EXERCISE
Write out every record below exactly as given. Leave the pictures out.

◆ ◆ ◆ ◆ ◆ ◆ ◆

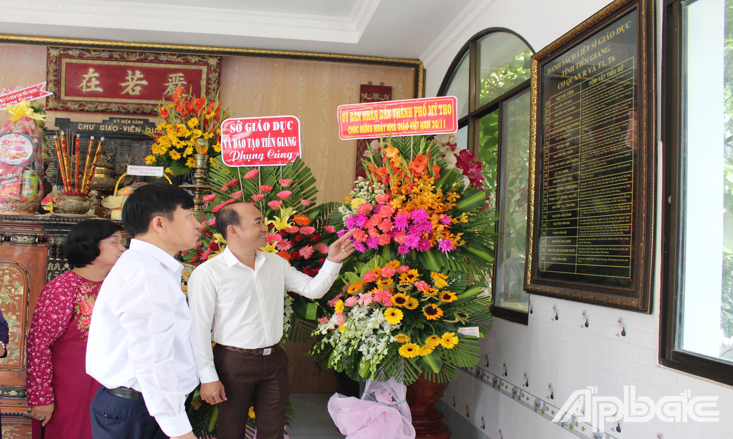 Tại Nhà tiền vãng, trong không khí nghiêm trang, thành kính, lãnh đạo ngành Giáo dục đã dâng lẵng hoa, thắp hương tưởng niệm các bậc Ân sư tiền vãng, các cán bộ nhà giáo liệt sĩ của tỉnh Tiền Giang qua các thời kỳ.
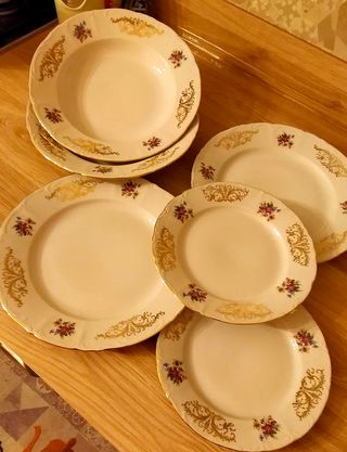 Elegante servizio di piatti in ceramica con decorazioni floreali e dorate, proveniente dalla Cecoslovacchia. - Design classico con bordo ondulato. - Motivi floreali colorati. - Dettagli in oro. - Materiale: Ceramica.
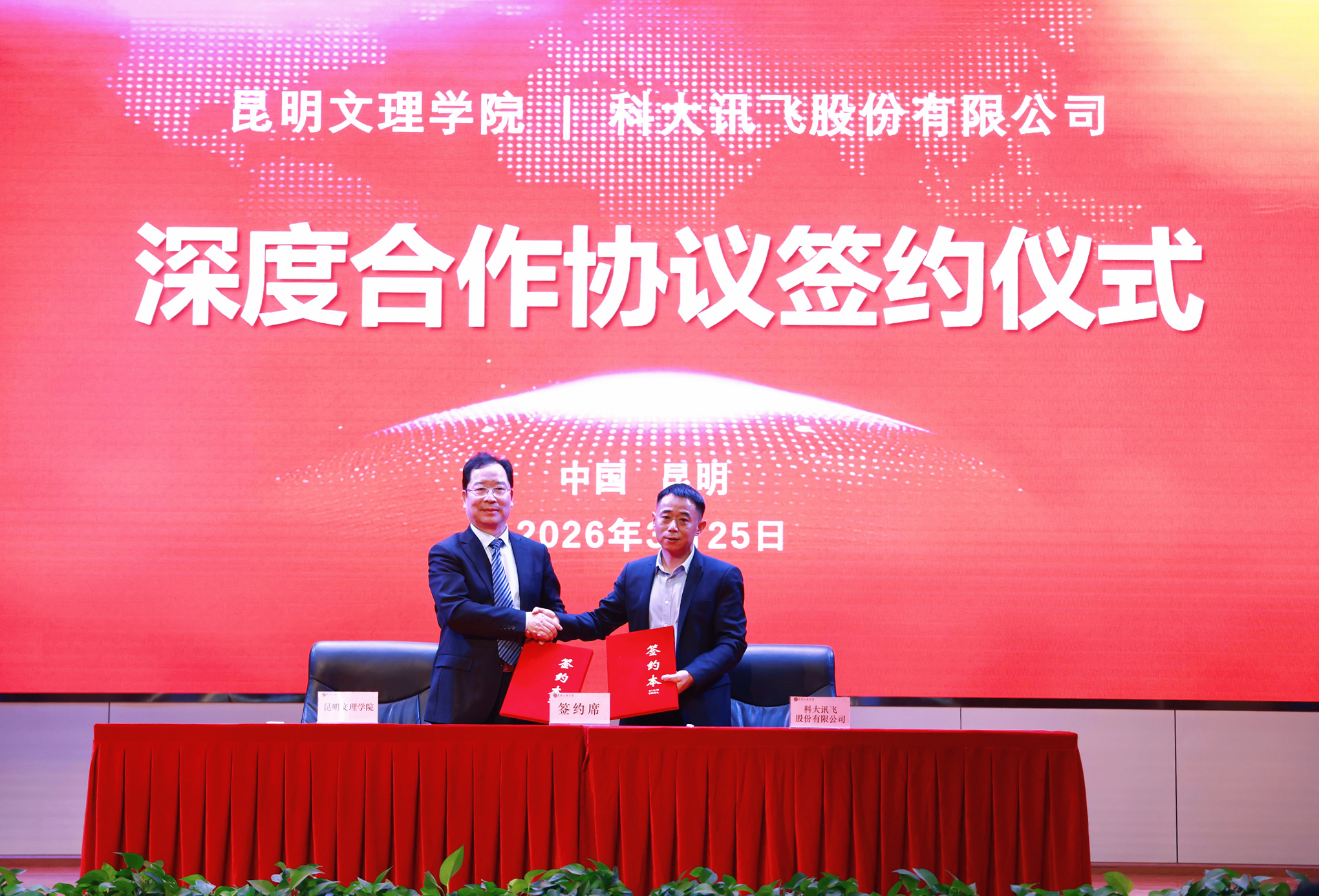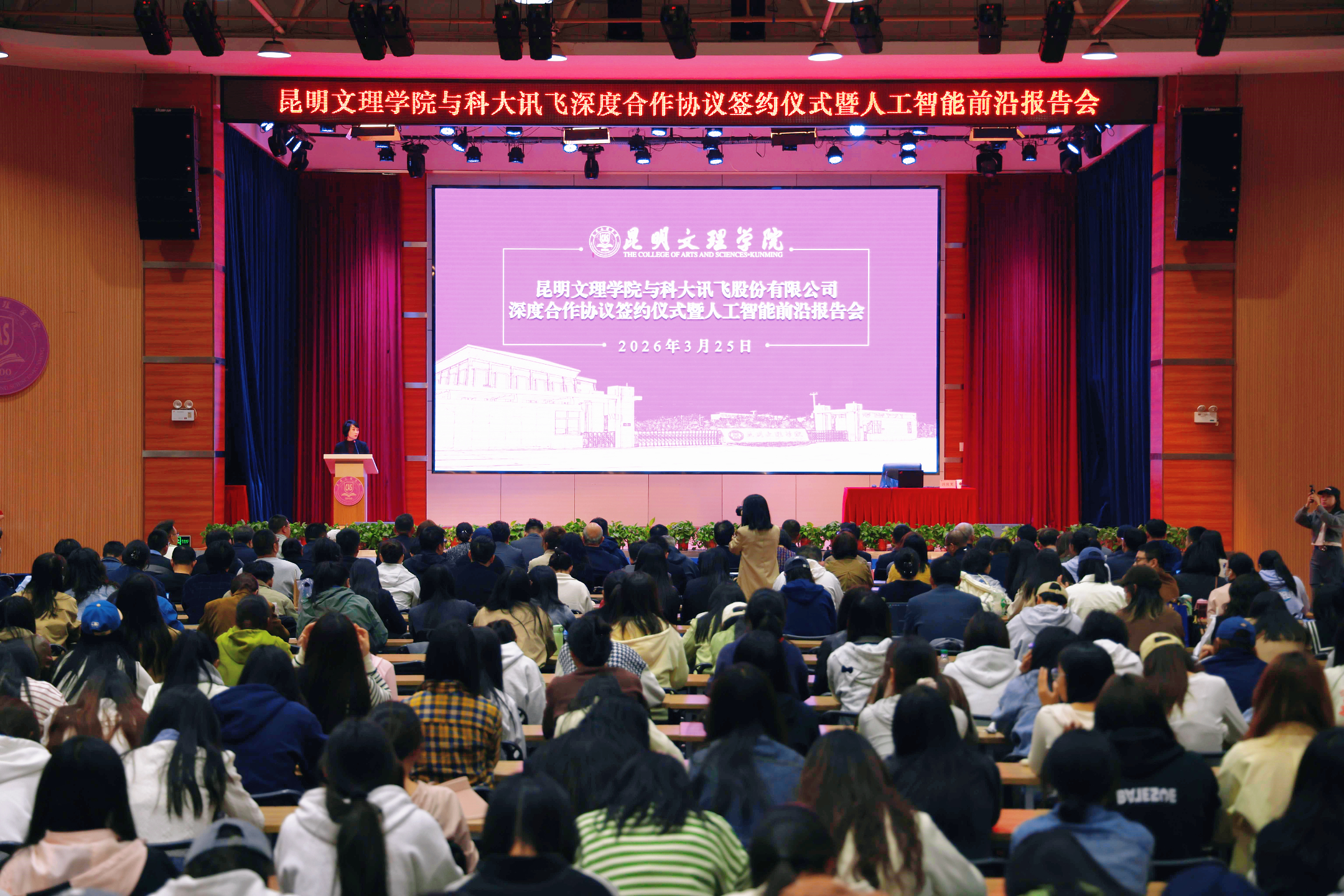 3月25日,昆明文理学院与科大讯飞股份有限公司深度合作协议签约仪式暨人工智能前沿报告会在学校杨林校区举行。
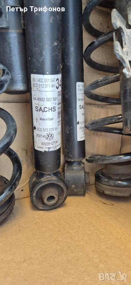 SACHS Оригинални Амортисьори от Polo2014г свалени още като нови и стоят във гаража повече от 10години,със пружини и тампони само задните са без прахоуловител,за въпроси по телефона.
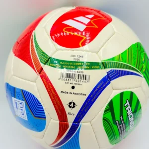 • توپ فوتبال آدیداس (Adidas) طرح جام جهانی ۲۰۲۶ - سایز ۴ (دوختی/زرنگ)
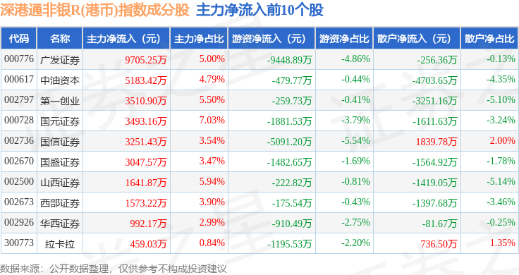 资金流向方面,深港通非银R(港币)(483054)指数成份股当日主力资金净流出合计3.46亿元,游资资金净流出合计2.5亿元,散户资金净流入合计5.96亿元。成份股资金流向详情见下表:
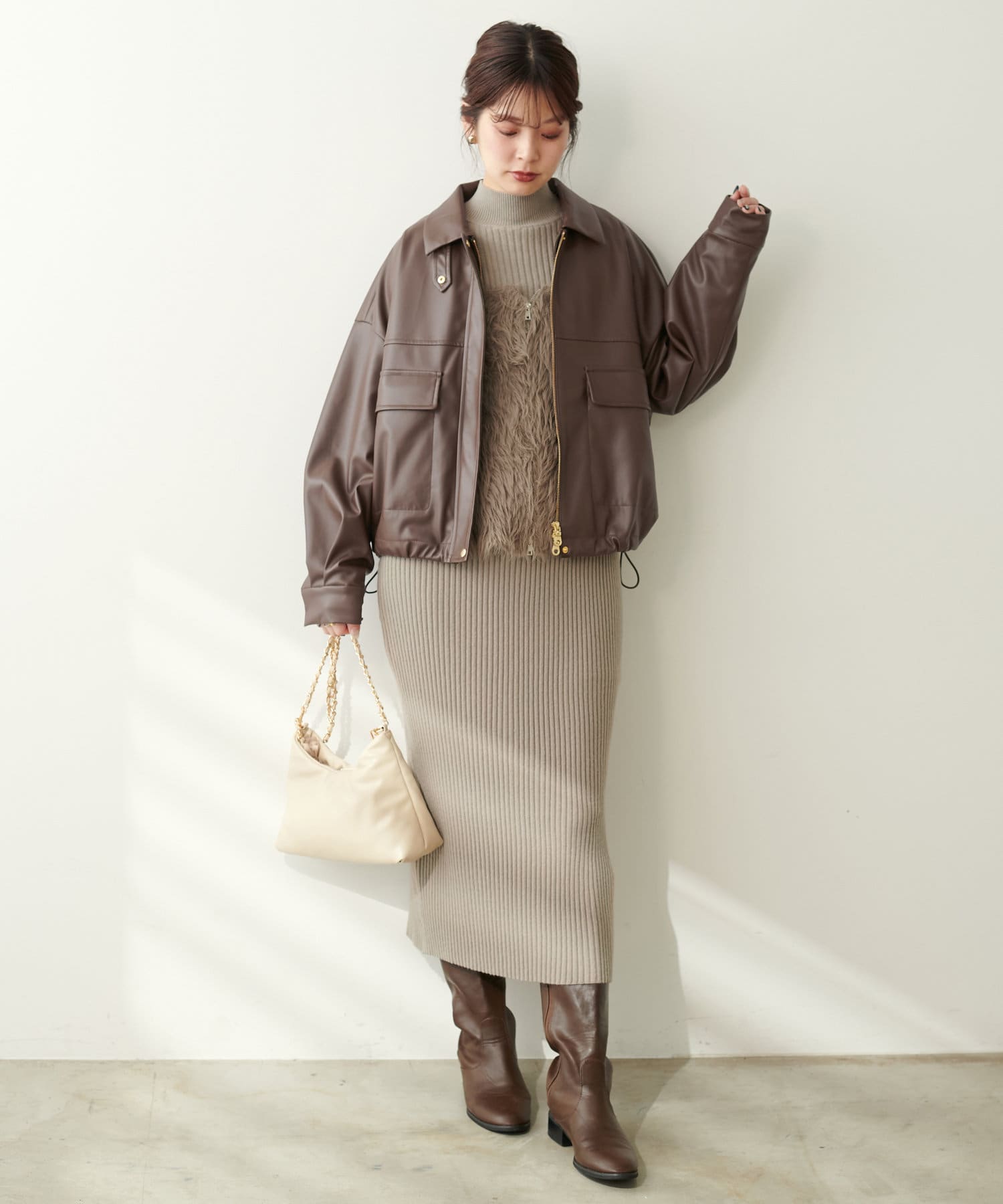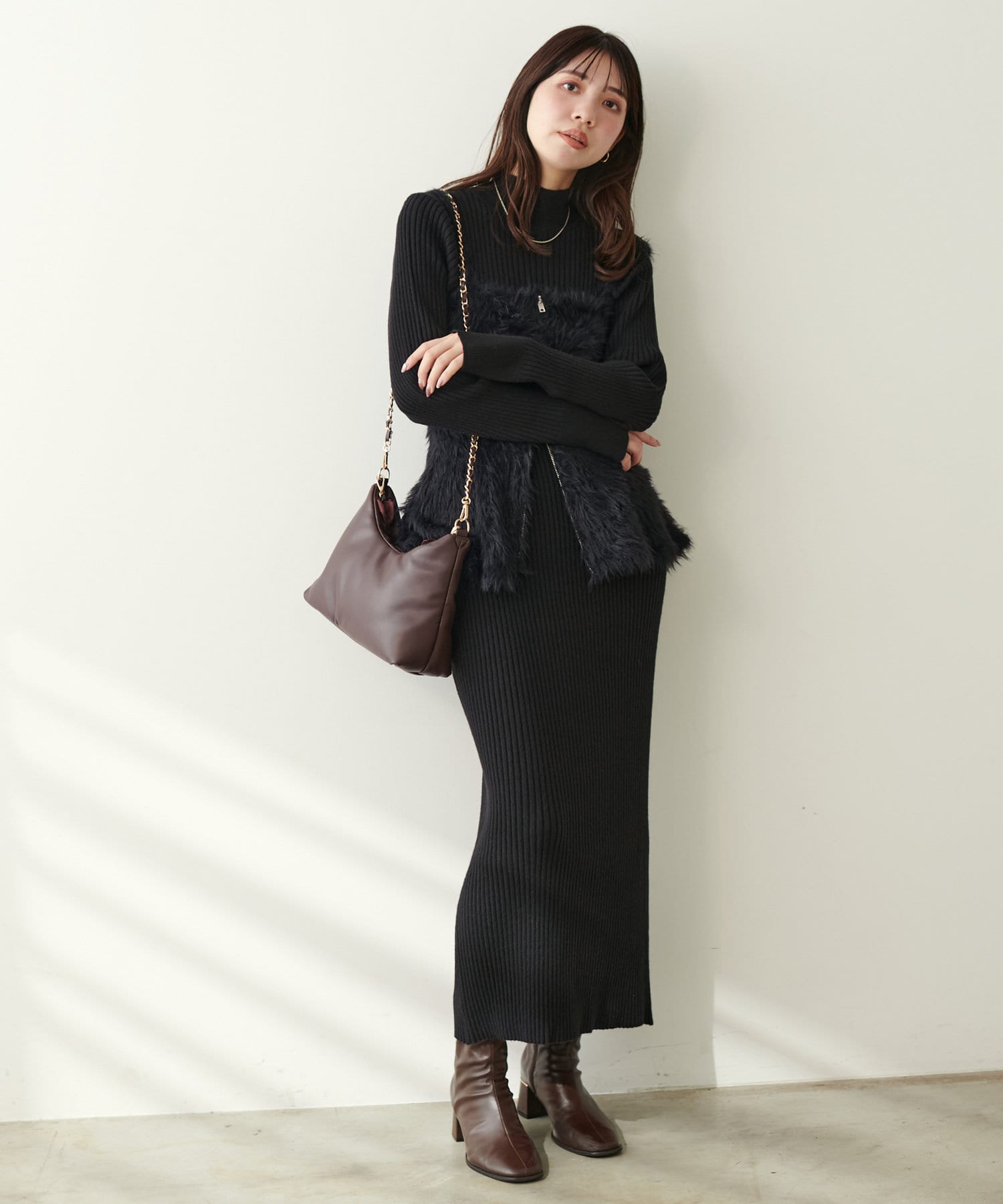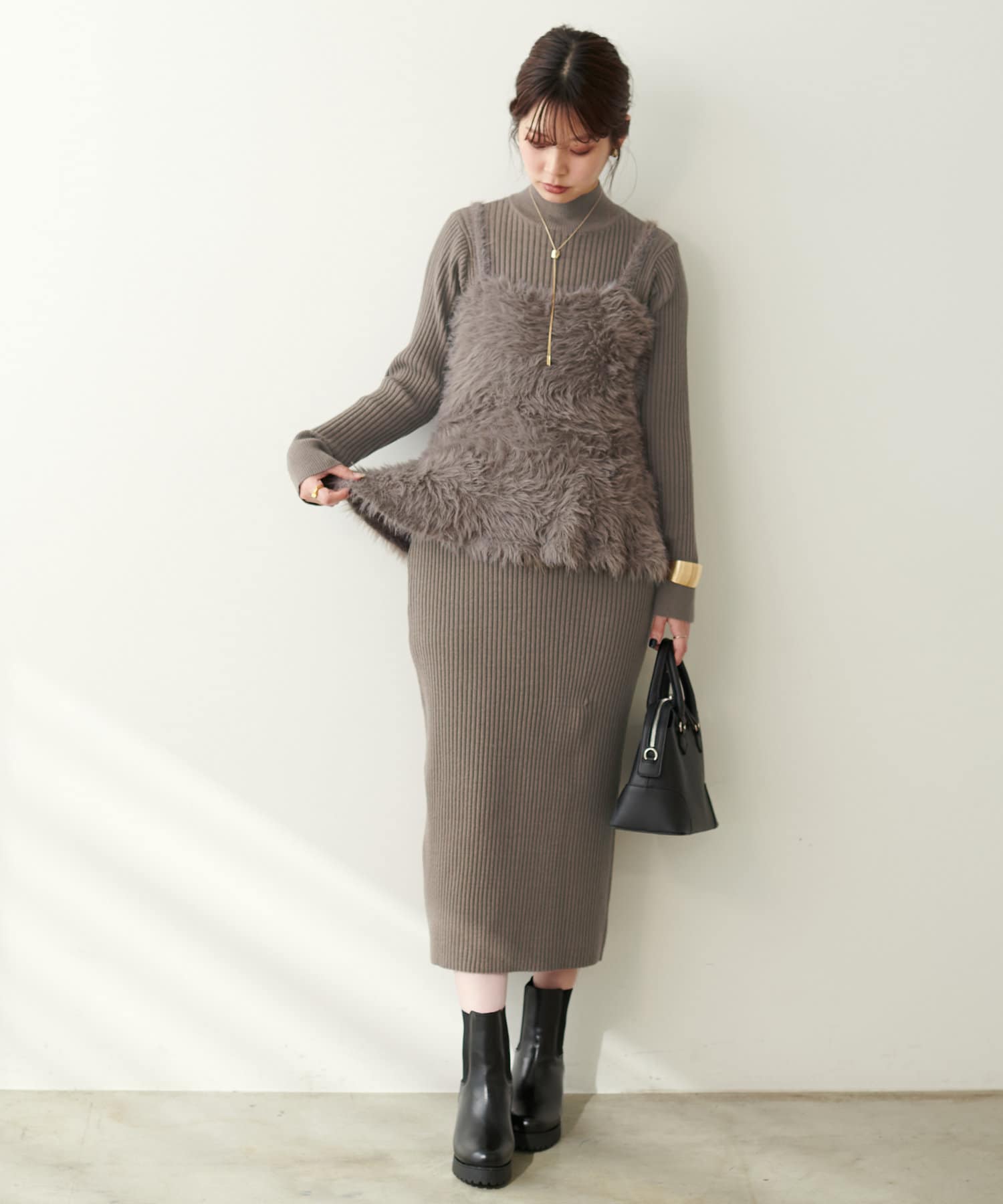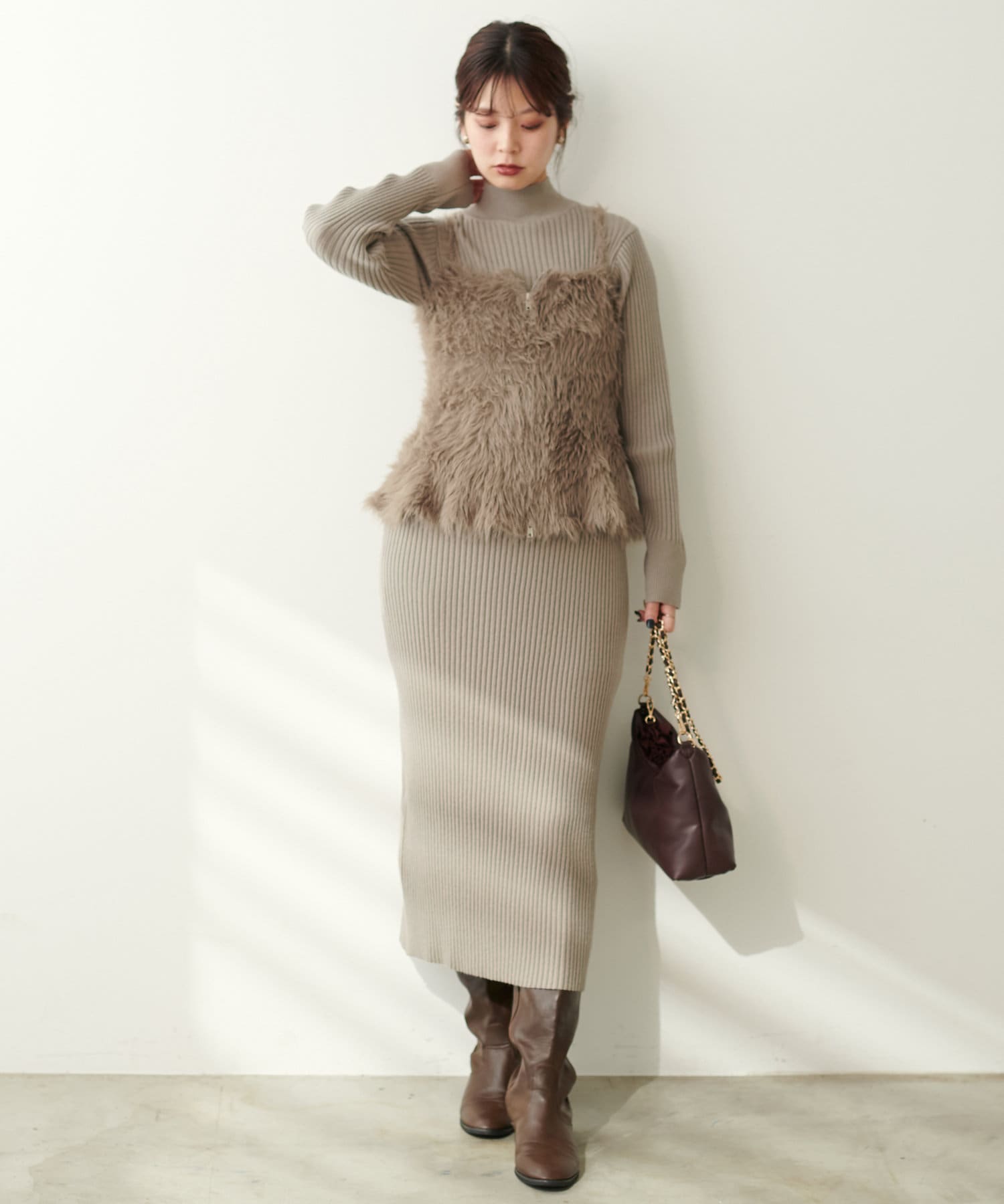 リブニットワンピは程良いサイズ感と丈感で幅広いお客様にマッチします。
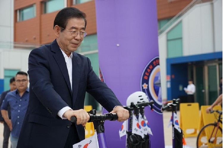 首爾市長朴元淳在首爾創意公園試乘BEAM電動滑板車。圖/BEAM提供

◆ ◆ ◆ ◆ ◆ ◆ ◆

ANSWER AREA
 Tại Nhà tiền vãng, trong không khí nghiêm trang, thành kính, lãnh đạo ngành Giáo dục đã dâng lẵng hoa, thắp hương tưởng niệm các bậc Ân sư tiền vãng, các cán bộ nhà giáo liệt sĩ của tỉnh Tiền Giang qua các thời kỳ.
 Elegante servizio di piatti in ceramica con decorazioni floreali e dorate, proveniente dalla Cecoslovacchia. - Design classico con bordo ondulato. - Motivi floreali colorati. - Dettagli in oro. - Materiale: Ceramica.
 3月25日,昆明文理学院与科大讯飞股份有限公司深度合作协议签约仪式暨人工智能前沿报告会在学校杨林校区举行。
 SACHS Оригинални Амортисьори от Polo2014г свалени още като нови и стоят във гаража повече от 10години,със пружини и тампони само задните са без прахоуловител,за въпроси по телефона.
 • توپ فوتبال آدیداس (Adidas) طرح جام جهانی ۲۰۲۶ - سایز ۴ (دوختی/زرنگ)
 资金流向方面,深港通非银R(港币)(483054)指数成份股当日主力资金净流出合计3.46亿元,游资资金净流出合计2.5亿元,散户资金净流入合计5.96亿元。成份股资金流向详情见下表:
 リブニットワンピは程良いサイズ感と丈感で幅広いお客様にマッチします。
 首爾市長朴元淳在首爾創意公園試乘BEAM電動滑板車。圖/BEAM提供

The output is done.